La luminosité, comblant auparavant chaque recoin, amenant la chaleur et la sérénité à l'endroit ? Aujourd'hui, excepté les rayons qui parvenaient à passer par la porte d'entrée, le reste était étouffé par les lourds rideaux de velours rouges masquant la vitrine.

Elsa, malgré son apparente indifférence concernant le froid, ne put réprimer les frissons qui lui parcoururent l'échine.

L'air était pesant, ainsi plus elle s'avançait vers le comptoir, plus ses pas étaient lourds, disgracieux, hésitants. Elle ne fit même pas attention aux étagères de livres qui l'entouraient, alors que dernièrement, elle adorait y flâner, parcourant les couvertures colorées de ses doigts graciles.

Mais les couleurs avaient fuit l'endroit, tout comme l'envie d'Elsa de s'éterniser. Rentrer au Refuge était désormais la seule idée qui lui trottait en tête.

« Bonjour, il y a quelqu'un ? » Se risqua-t-elle à appeler, se penchant sur le comptoir lorsqu'elle y fut arrivé.

Personne en vue.

Elle se frictionna les mains en jetant des regards inquiets autour d'elle, sentant sa confiance déjà bien effritée par l'apparition de l'ombre s'évaporer peu à peu.

Elle tourna la tête et se retrouva soudainement face à la vendeuse, qui se tenait maintenant derrière le comptoir. Elle poussa un petit cri de frayeur, portant sa main sur son coeur en faisant un bond en arrière. La femme n'eut aucune réaction, et Elsa reprit rapidement contenance.

« Excusez-moi, je... vous... » Elle s'arrêta, intriguée.

Elle connaissait bien la libraire pour savoir que c'était une femme enchantée, respirant la joie de vivre. Ses airs de bonhomie lui attiraient la sympathie de tous, et elle était très appréciée en ville pour ses conseils avisés, que ce soit en matière de lecture ou pour tout autre sujet de discussion.

Elle écoutait d'une oreille attentive, parlait d'une bouche experte, prêtant sa sagesse à l'usage de ceux qui en avaient grandement besoin. Elsa savait tout particulièrement qu'elle aimait à soigner son apparence, non pas par coquetterie mais par simple respect pour son prochain. Offrir une vue agréable était bien mieux que d'en donner aux autres une vision négative, d'après elle.

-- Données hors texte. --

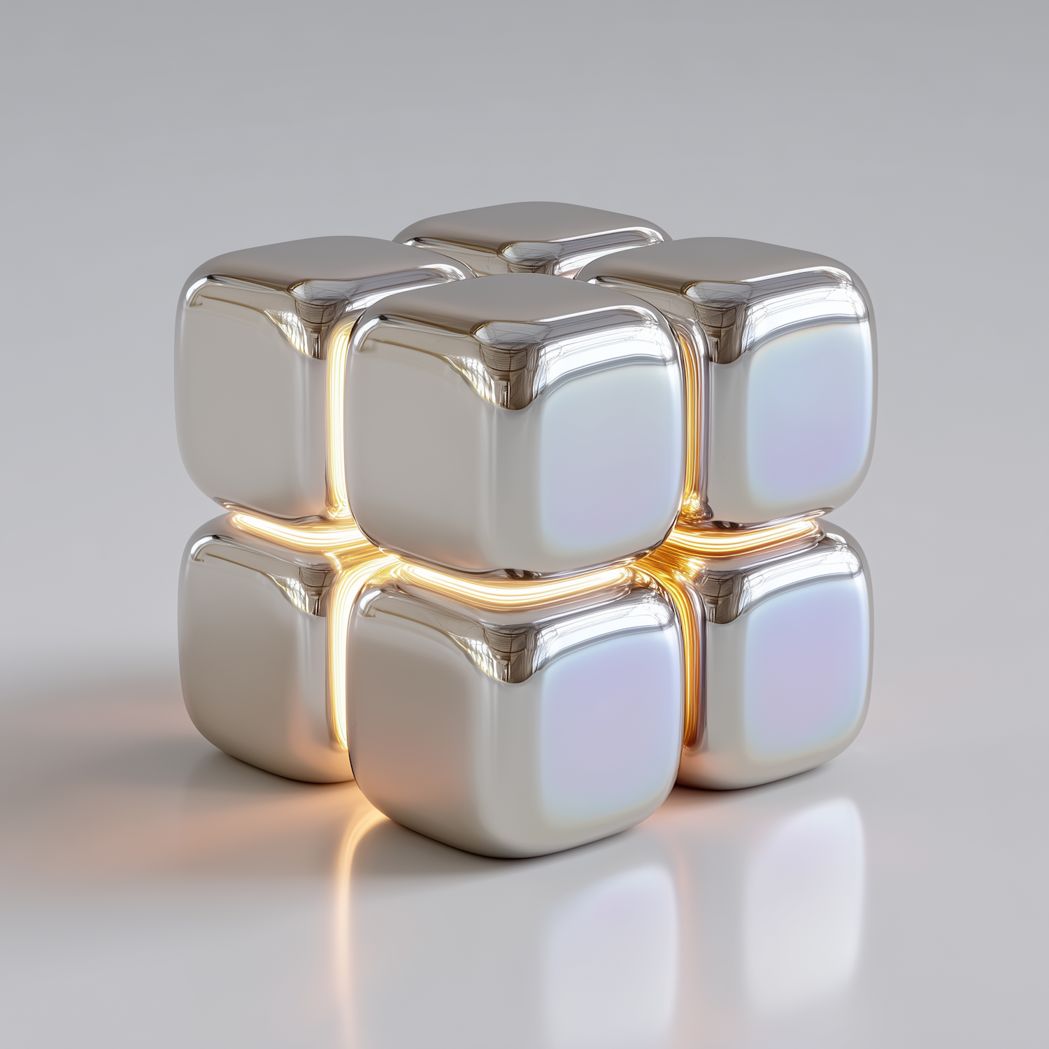A sleek 3D-rendered metallic cube with glowing edges and reflective surfaces, showcasing a futuristic and minimalist design.
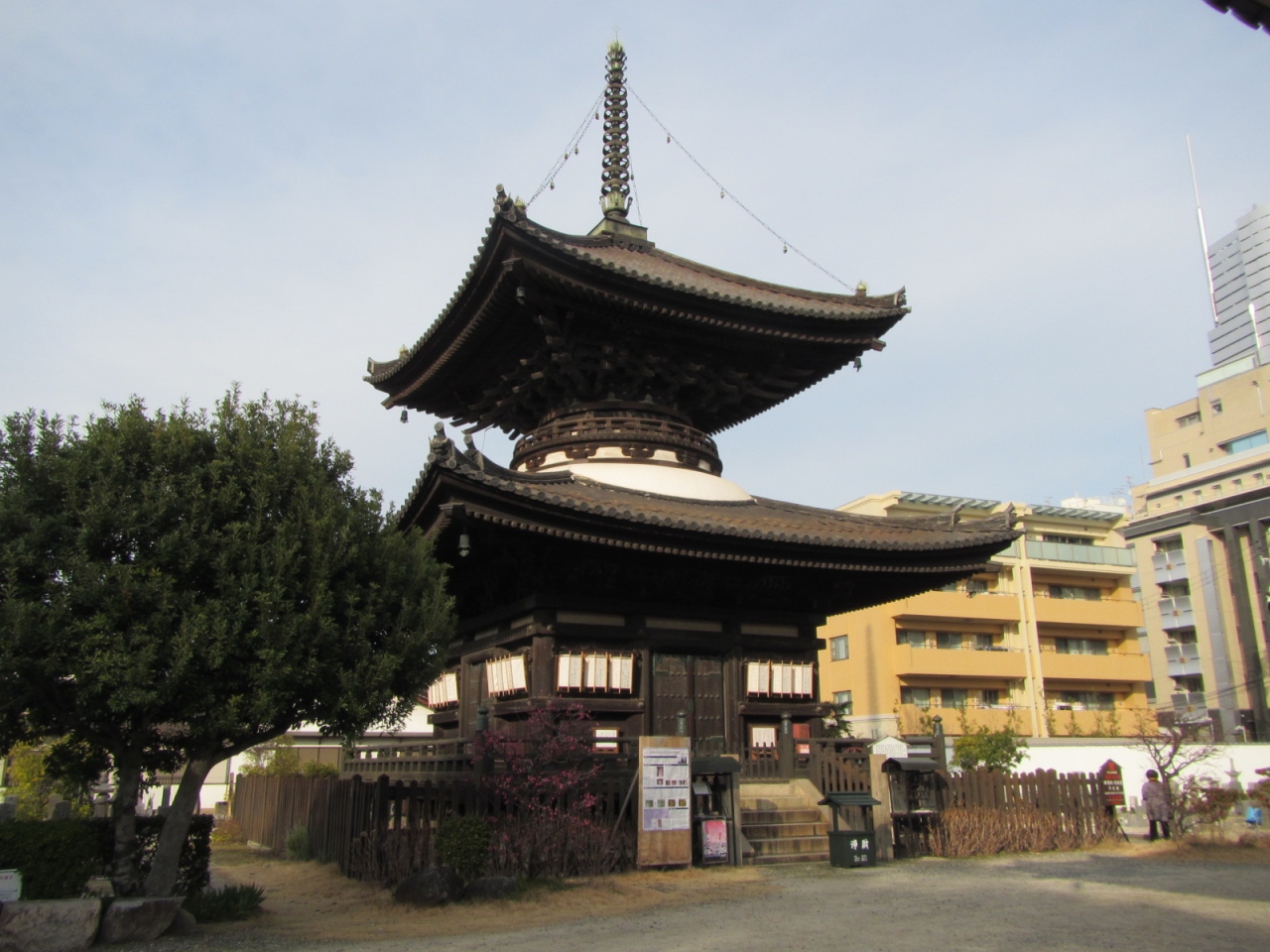 本堂(愛染堂)の奥には大日如来の奉られた多宝塔があり、本堂と多宝塔は重要文化財に指定されている。

Celle qu'elle avait devant elle n'avait rien à voir avec cette femme. Ses cheveux auparavant blond foncés mais ici d'un gris terne pendaient lâchement autour de son visage, visage tiré, plongé dans la pénombre mais qu'elle devinait bouffi et mangé par les rides. Ses yeux étaient encerclés par des poches violettes et des paupières à moitié fermés, le blanc de son œil étant crevassé par des veines rouges qui ressortaient tout particulièrement.

Elsa recula encore un peu, abasourdie. Que s'était-il passé pour qu'une femme aussi joyeuse, aussi avenante se retrouve dans un tel état ?

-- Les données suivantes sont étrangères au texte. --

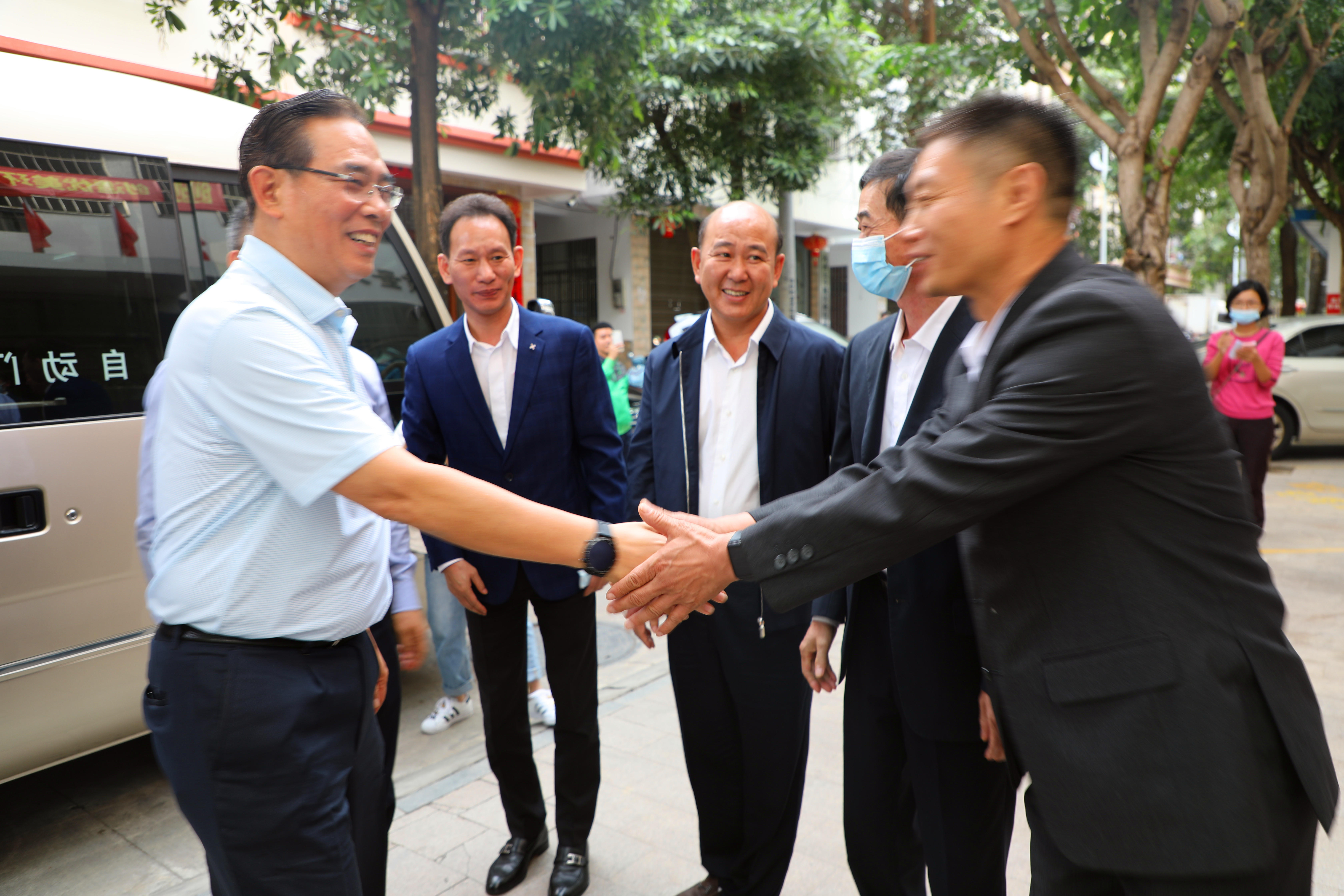 董事長陳明、總裁陳云及工會(huì)主席高斐斐在集團(tuán)門前迎接蔡副主席的到來。
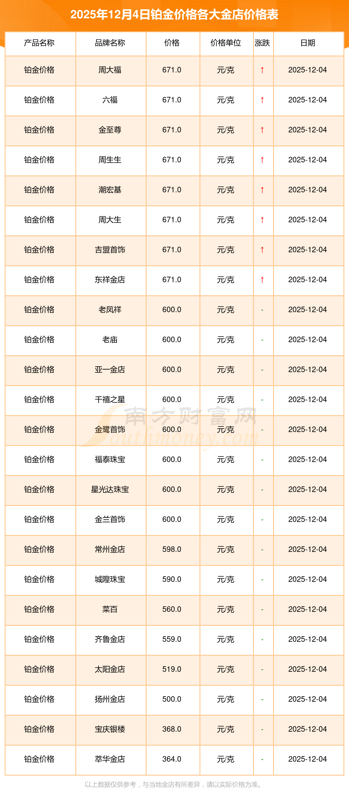 2025年12月4日各大金店鉑金價(jià)格最新價(jià)格:周大福1328.0元/克,周大福671.0元/克,周大福1328.0元/克,周大福46730.0,周大福19260.0,周大福42160.0,周大福1165.0元/克,老鳳祥1325.0元/克,老鳳祥600.0元/克,老鳳祥1325.0元/克,六福1326.0元/克。
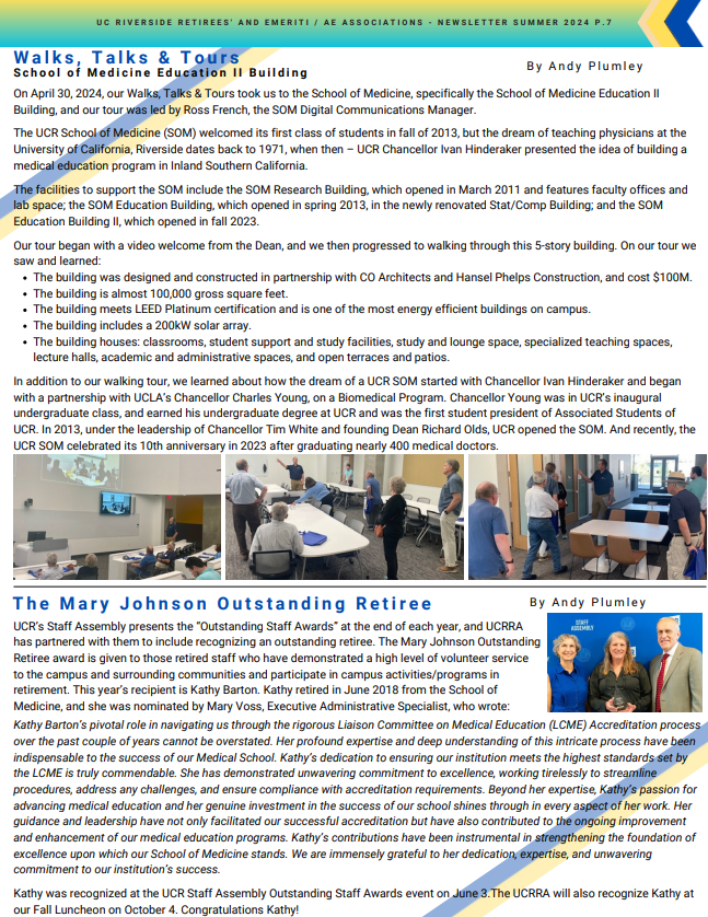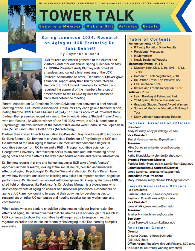 Please click on the attached document to view the UCR Emeriti and Retirees' 2024 Summer Tower Talk Newsletter. Included are clickable links to help navigate through the relevant content in the newsletter. Below is a pictured view of what is included.
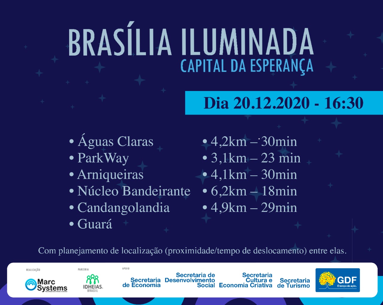 Além da passagem do Trenó do Papai Noel por todo o Distrito Federal, o projeto Brasília Iluminada traz um conceito diferente para o Natal de 2020. O projeto une a magia dessa época do ano com a celebração dos 60 anos de Brasília. A decoração valoriza elementos que caracterizam os traços da identidade brasiliense, como a arquitetura e o Cerrado.
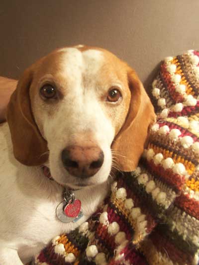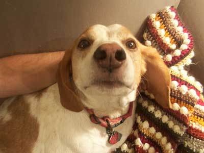 | I didn't get the Cables & Garter Pullover done over the weekend. Why do sleeves always take longer than I think??? I also had Matt do a sleeve length test, and the sleeves need to be about 2" longer (which is what I'll do today). The good news is that I have enough yarn. This is the first time I've used Galway, and that generous yardage threw me off (to only have 3 skeins to do sleeves just didn't seem like it was enough). I will not have much (if any) leftover, but I'll have no problem finishing this up. I have not cast on a new project since I started this project September 24. I even got new yarn over the weekend! (I snagged some of the Jo Sharp Silk Road Aran to make Matt a sweater). I think I'm going to extend my due date of "3 Finished Projects in October" to November 9th (that's when Halo 2 is out, and all knitting will come to a complete halt so I can play 16 hours straight... and don't think I won't). While I was showing Matt a couple of ideas for that lovely Jo Sharp yarn, he subtly hinted that he wants a fair isle (specifically, "whatever happened to that neutral multicolor sweater that you showed me that one time") hmmm... I show Matt a lot of patterns to see if he likes them. After some questions on what it looked like, it was the sweater from Chesapeake Collection. Instead of working that one right now (I don't have the yarn for it yet), I'll concentrate on finishing up his Natural Beauty Fair Isle. If you've been reading my blog over the last 2 years, you'll know that I don't do a lot of Fair Isle knitting. I like doing cables and texture knitting. I've started a couple of fair isles, but the only one I've ever finished is the PW Kool Aid Colour Your Own (and it is one of my favorite sweaters), but Matt has now mentioned a couple of times he wants a 30's style vest or sweater (we watch a lot of Poirot). So I'll have to work the Natural Beauty back into the rotation again. Wow, this was a long post. Here's a cheating Monday Morning Pet Photo. It's the "outtake" from last week's great picture of Jake. Some times you gotta make sure the camera isn't a food item. |
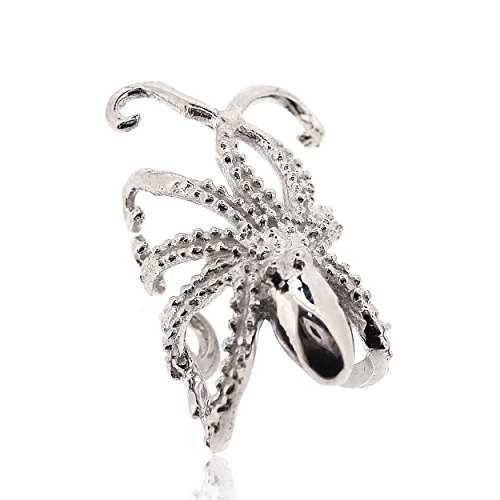 Step out with this stylish squid ear cuff. Adjustable, no piercing required ear cuff to add some attitude to any ear! Just slide it into the desired position, squeeze firmly (not too firmly!) until it is sitting just right. Made from sterling silver with rhodium plating. Sold by piece.

« Alors, qu'est-ce que tu veux ? » Lui demanda la femme d'un ton monotone, voire agressif. Ses mots avaient chacun un son tranchant, vif de douleur et de désespoir.

Face à un tel chagrin, Elsa se sentit désemparée. Elle s'éclaircit la voix.

« Je... Je passerais plus tard, il vaut mieux. Je viens de me souvenir que j'avais quelque chose d'important à faire. »

La femme resta inexpressive et Elsa le prit comme un consentement. Elle salua poliment la libraire, tourna les talons et parcourut d'une démarche mesurée quoique tremblante les mètres qui la séparait de la sortie. Elle allait d'ailleurs l'atteindre quand quelque chose s'interposa.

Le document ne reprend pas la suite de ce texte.